This work addresses the limitations of existing compiler optimization feedback, which is often vague and unstructured, hindering effective utilization by AI coding agents and sometimes inducing semantic errors. To overcome this, the paper proposes a structured and precise compiler feedback mechanism that triggers reliable compiler transformations through targeted source code refactoring, preserving program semantics while enhancing maintainability and portability. Experimental evaluation on the TSVC benchmark demonstrates that, compared to ambiguous prompts, precise feedback improves the success rate of AI-driven optimizations by 3.3×, substantially reducing performance regressions and semantic inaccuracies. These results indicate that the primary bottleneck lies in the feedback interface rather than the AI agent itself, thereby laying a foundation for autonomous performance engineering.

Modern AI agents optimize programs by refactoring source code to trigger trusted compiler transformations. This preserves program semantics and reduces source code pollution, making the program easier to maintain and portable across architectures.

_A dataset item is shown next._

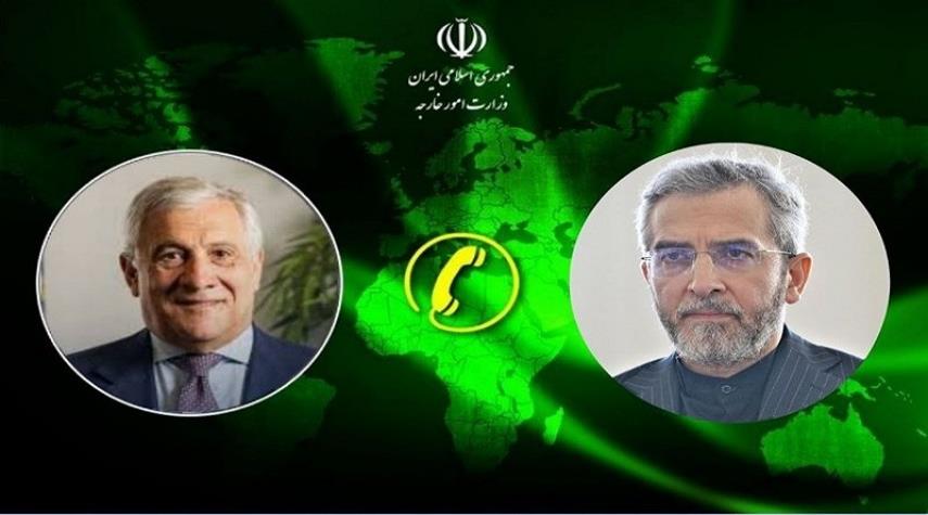 بحث وزير الخارجية الإيطالي أنطونيو تاجاني، في اتصال هاتفي مع المشرف على وزارة الخارجية علي باقري، العلاقات الثنائية والقضايا الإقليمية

However, this collaborative workflow is limited by legacy compiler interfaces, which obscure analysis behind unstructured, lossy optimization remarks that have been designed for human intuition rather than machine logic. Using the TSVC benchmark, we evaluate the efficacy of existing optimization feedback. We find that while precise remarks provide actionable feedback (3.3x success rate), ambiguous remarks are actively detrimental, triggering semantic-breaking hallucinations. By replacing ambiguous remarks with precise ones, we show that structured, precise analysis information unlocks the capabilities of small models, proving that the bottleneck is the interface, not the agent. We conclude that future compilers must expose structured, actionable feedback designed specifically for the future of autonomous performance engineering.